Detailed component design

our Db for file storage will use mongo DB and we can use cassandra to save analytics/metadata etc..

our DB can be sharded based on file type and region

our CDN will have edge servers in multiple regions, it will have a refresh after policy to remove expired pastes.

our load balancers can use a least connections + round robin balancing for simplicity

our Search service can use elastic search to find matches based on keywords



Trade offs/Tech choices

We use cassandra since we do a lot of write operations instead of a sql DB which would be slower with writing operations.

We use database replicas which will increase latency writing to 2 databases.

our CDN will be able to speed up operations by caching files in edge servers.



Failure scenarios/bottlenecks

our LB can fail so we need multiple instances of it just incase.
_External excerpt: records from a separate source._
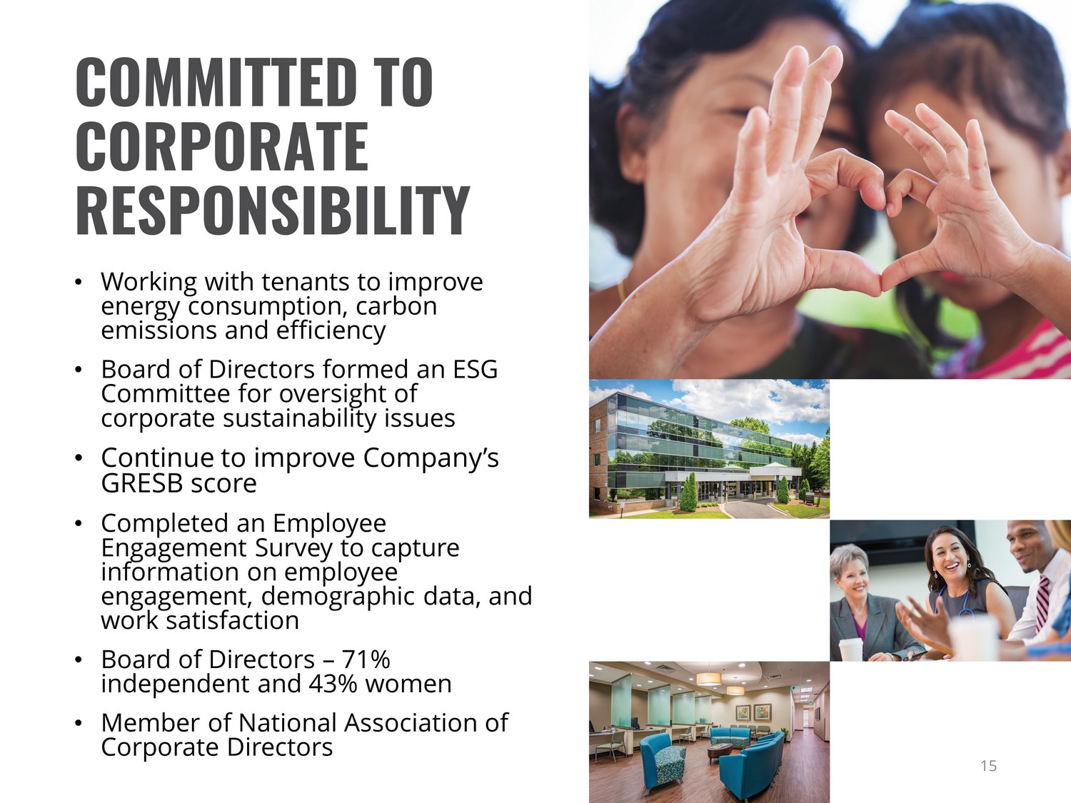 HIGHLY SKILLED AND DIVERSE BOARD 14 Jeffrey Busch — Chairman, Chief Executive Officer and President 20+ years of experience in healthcare, real estate development, management and investment. Matthew Cypher, PH.D — ESG Committee Chair, Nominating and Governance Committee Member Professor at Georgetown University’s Steers Center for Global Real Estate and previously was a director at Invesco Real Estate. Henry Cole — Lead Independent Director, Compensation Committee Chair, Audit Committee Member 40+ years of successful executive management and implementation of health and medical programs involving innovations in technology, market development and service delivery. Paula Crowley — Audit Committee Member, Compensation Committee Member, ESG Committee Member 40+ years of real estate experience including co - founding Anchor Health Properties in 1987, now Brinkman Management and Development. Ronald Marston — Nominating and Governance Committee Chair, Compensation Committee Member 40+ years of experience in healthcare and is known as an international authority on healthcare systems and trends. Lori Wittman — Audit Committee Chair, Nominating and Governance Committee Member, ESG Committee Member Decades of experience in senior finance and capital market positions at leading REITs and healthcare real estate development companies. Zhang Huiqi — Director Serves as non - Executive Director of Xingye Wulian Service Group Co. Ltd, and the supervisor for Henan Hongguang Real Estate Limited and Henan Zensun Corporate Development Group Company Limited.
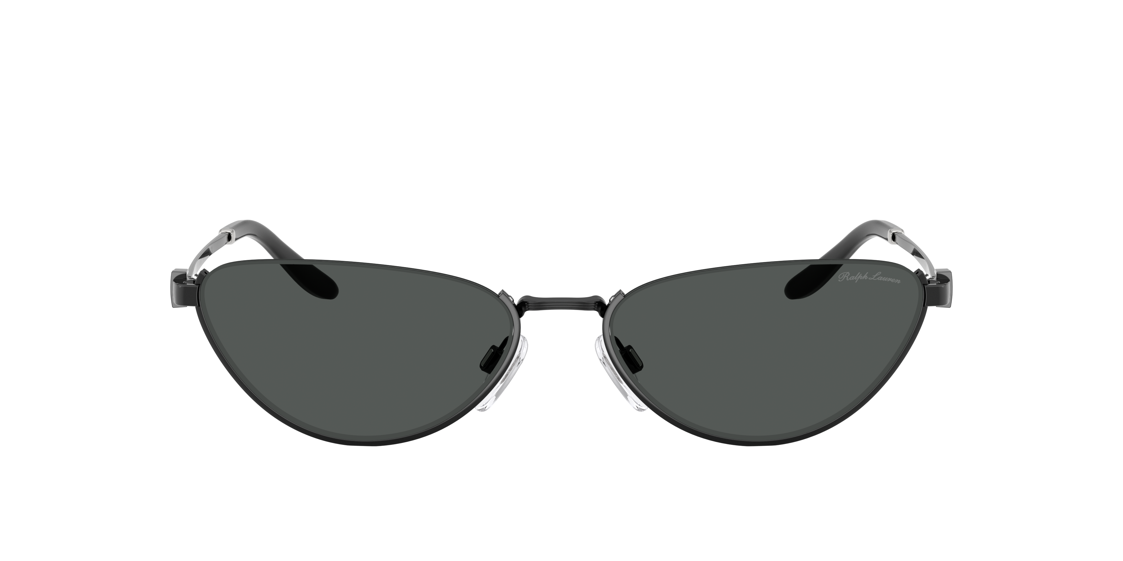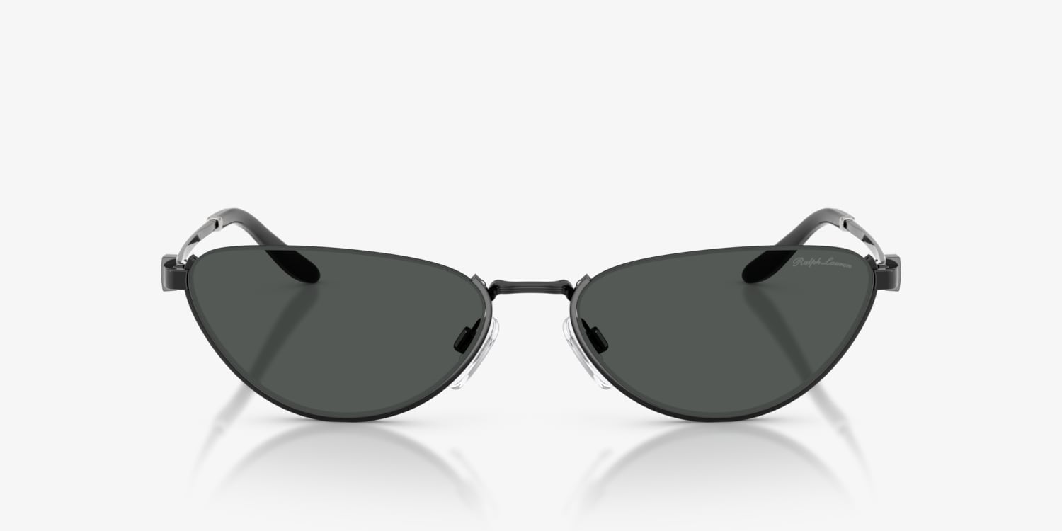 Elevate your style with the Ralph Lauren RL7095 sunglasses. These narrow cat-eye frames feature a unique reverse construction with lightweight metal on the lower rim and nylon above. Adjustable nosepads enhance comfort, while the temples showcase a striking stirrup metal detail. Finished with a black frame front and solid grey lenses, this design reflects Ralph Lauren's timeless craftsmanship, making these black sunglasses a versatile accessory.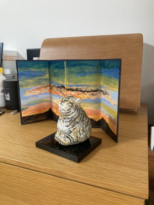 屛風に描いた風景の前で猫が座り、存在感を増していった。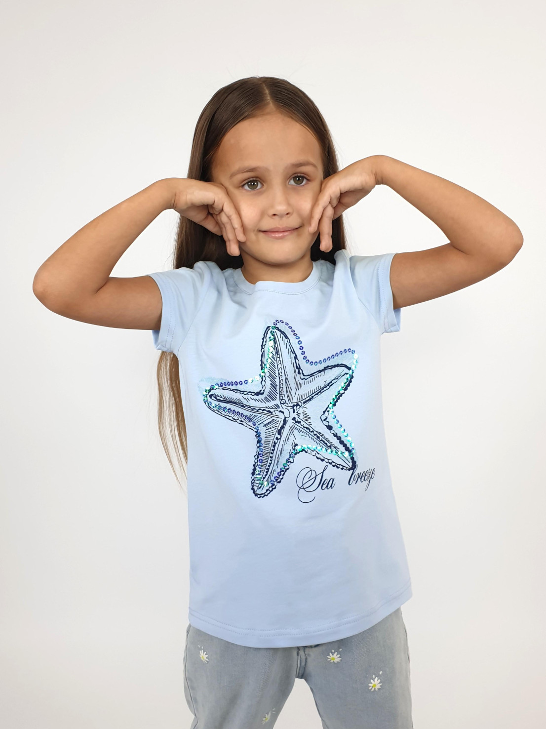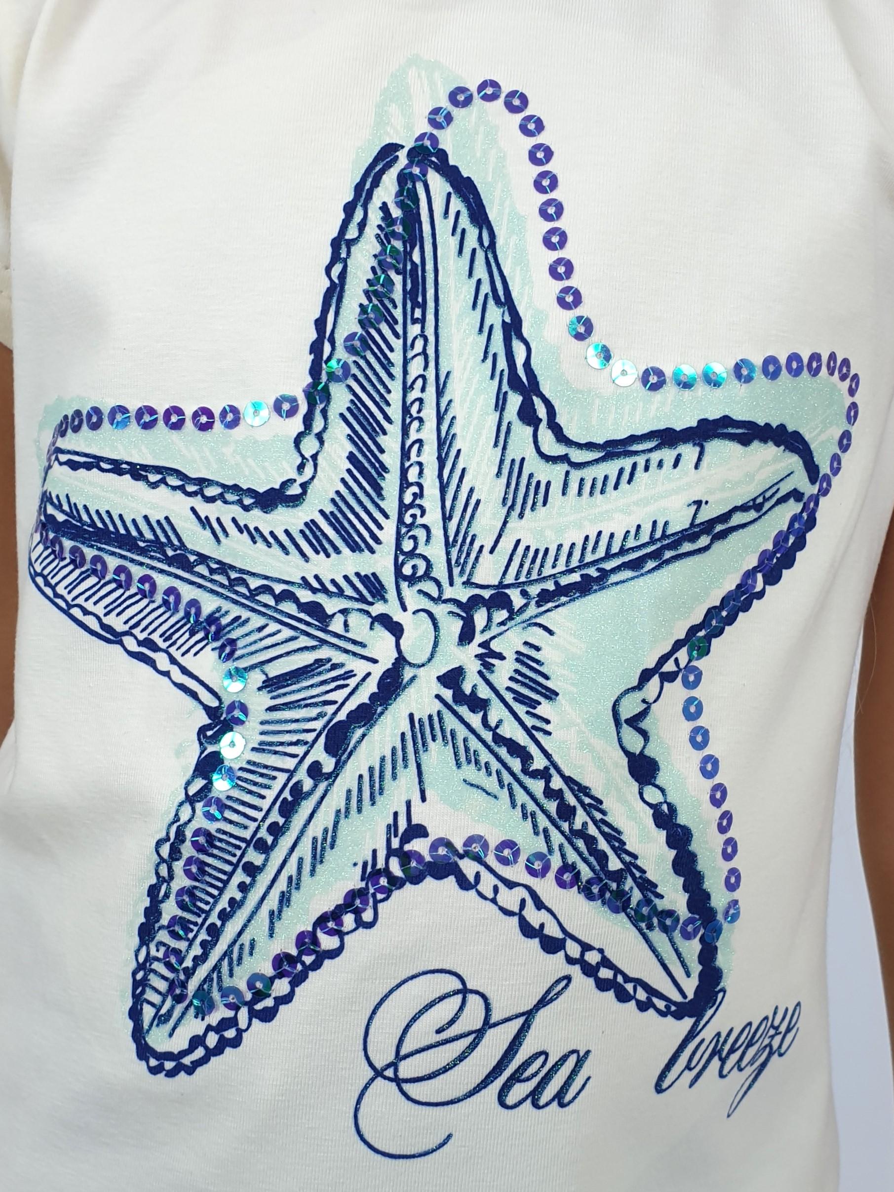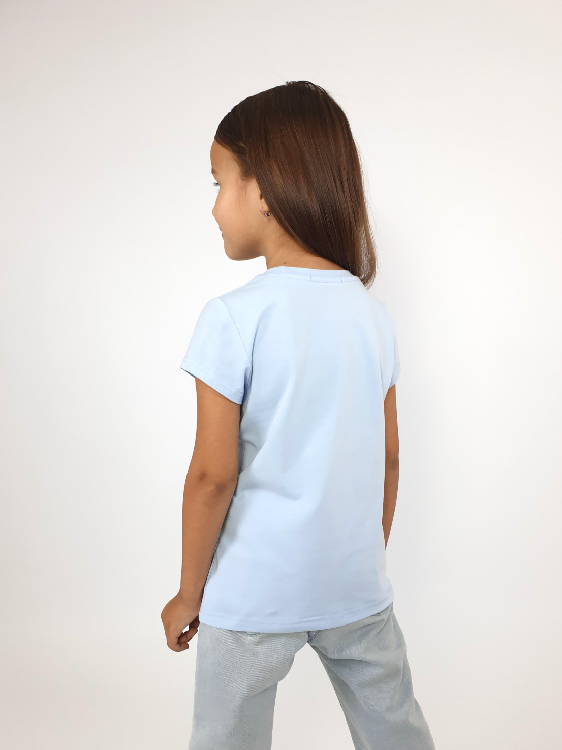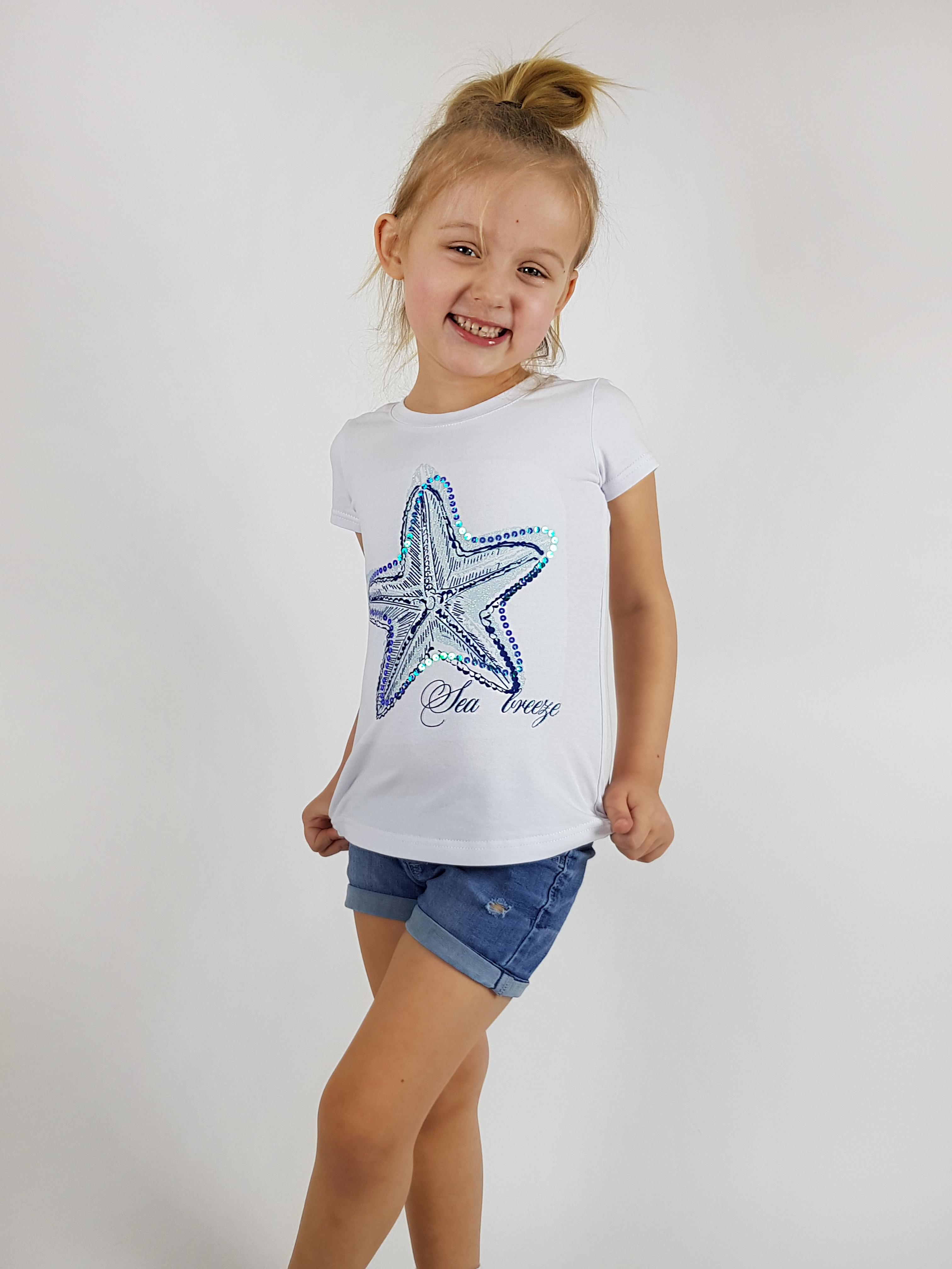 Кулирное полотно:95%х/б.,5% лайкра. Фуфайка-полуприлегающий силуэт,печать и вышивка пайетки на переде.Горловина обработана притачной планкой.Рукав короткий втачной.Низ рукава и низ изделия подшит.

our services can fail but since they are stateless we can just add more instances easily

our CDN can fail so we need multiple edge servers in case of a failure

the DB may fail so we use multiple replicas to keep data integrity

our replicas may fail so we can use kuberenetes to bring them back




Future improvements

We can improve our searching algorithms in the future to allow more searching options.

How we create urls for each paste can also be updated in the future.

Adding data centers in different regions will speed things up in cache miss scenarios.

update our LB algorithim in the future if needs be